# Math Help - Help with Linear programming problem

1. ## Help with Linear programming problem

There are three types of machines that can be used to make a chemical. The chemical can be manufactured at four different purity levels. Here is the data.

Machine Capacity: production per day
Production per day if used to manufacture purity
1 2 3 4
1 50 tons $900 1000 1250 1500 2 40 tons 600 750 1000 1050 3 25 tons 400 700 800 900 Monthly demand for chemical at purity level (tons) 150 300 90 175 Penalty per ton short 40 60 75 90 The chemical is used by the company internally; if the company does not manufacture enough of It, It can be bought at a price, which is called the penalty for shortage. Assume that there are 30 production days per month at the company. Formulate the problem of minimizing the overall cost as an LP. Can anyone help me find the Variables, Constraints and the objective?? 2. Originally Posted by Maxerazzi There are three types of machines that can be used to make a chemical. The chemical can be manufactured at four different purity levels. Here is the data. Machine Capacity: production per day Production per day if used to manufacture purity 1 2 3 4 1 50 tons$900 1000 1250 1500
2 40 tons 600 750 1000 1050
3 25 tons 400 700 800 900

Monthly demand for chemical at
purity level (tons) 150 300 90 175
Penalty per ton short 40 60 75 90

The chemical is used by the company internally; if the company does not manufacture enough of It, It can be bought at a price, which is called the penalty for shortage. Assume that there are 30 production days per month at the company. Formulate the problem of minimizing the overall cost as an LP.

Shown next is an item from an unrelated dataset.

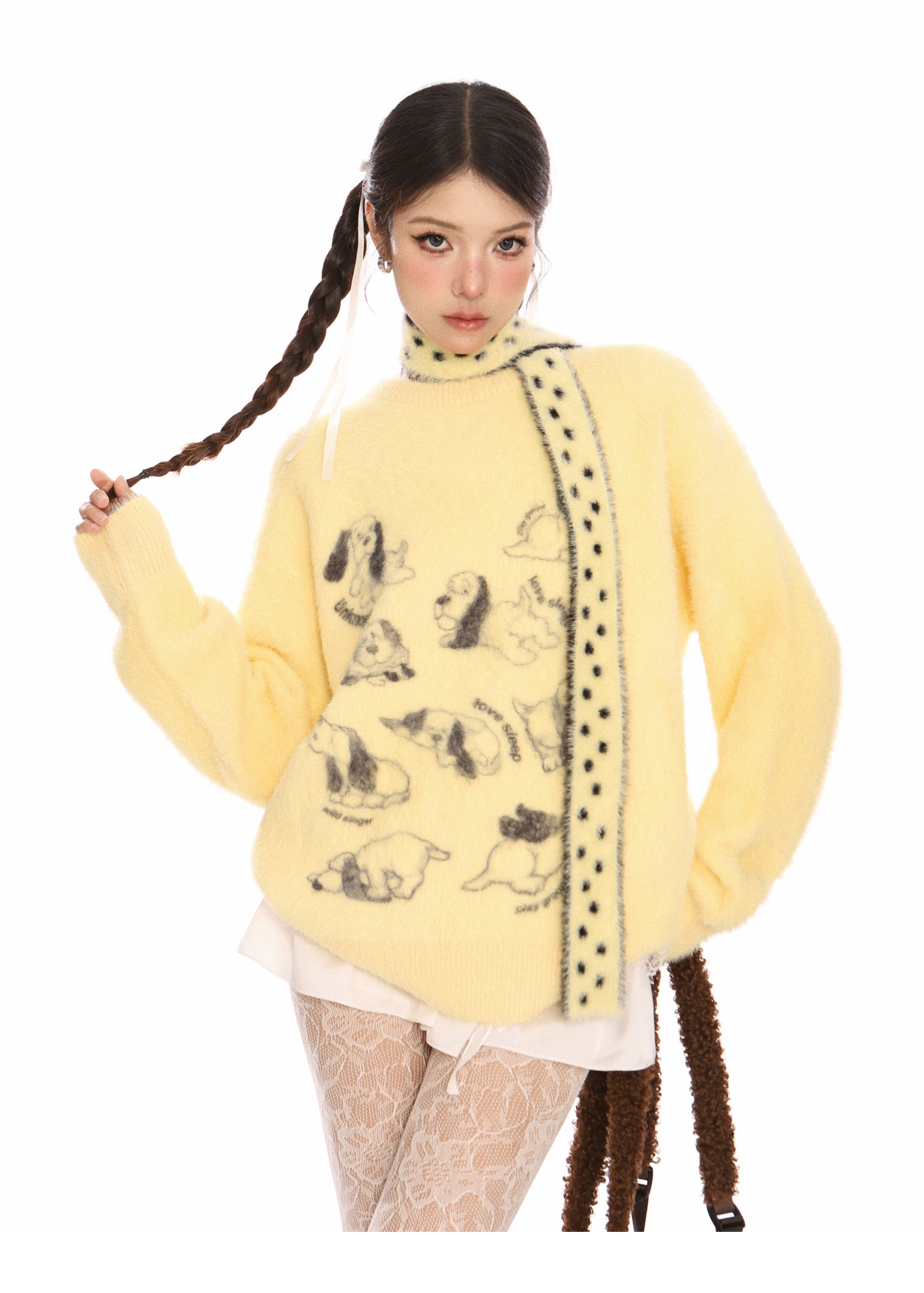 • VEYBE fun puppy Ma Hai Mao soft glutinous sweater female autumn and winter lazy style high end milk FUFU bib

Can anyone help me find the Variables, Constraints and the objective??
The variables are $X_{i,j}$ the number of days production by machine $i$ of quality level $j$.

With these variables tables give the constraints. The objective is the total cost of meeting the production quotas when the penalty costs for the short fall in company production is included.

CB

3. Well my Lp isn't that great, this is what i originally had as an answer:

Variables: purity=P, machine=M

P1M1, P1M2, P1M3
P2M1, P2M2, P2M3
P3M1, P3M2, P3M3
P4M1, P4M2, P4M3

Objective:

MINIMIZE; 900 P1M1 + 1000 P2M1 + 1250 P3M1
+ 1500 P4M1 + 600 P1M2 + ......... 900 P4M3.

Constraints:

demand purity level;

Demand1 : P1M1+P1M2+P1M3 >= 150
D2 : P2M1+P2M2+P2M3 >= 300
D3 : P3M1+P3M2+P3M3 >= 90
D4 : P4M1+P4M2+P4M3 >= 175

This is what I had so far. Is some correct or is it totally wrong?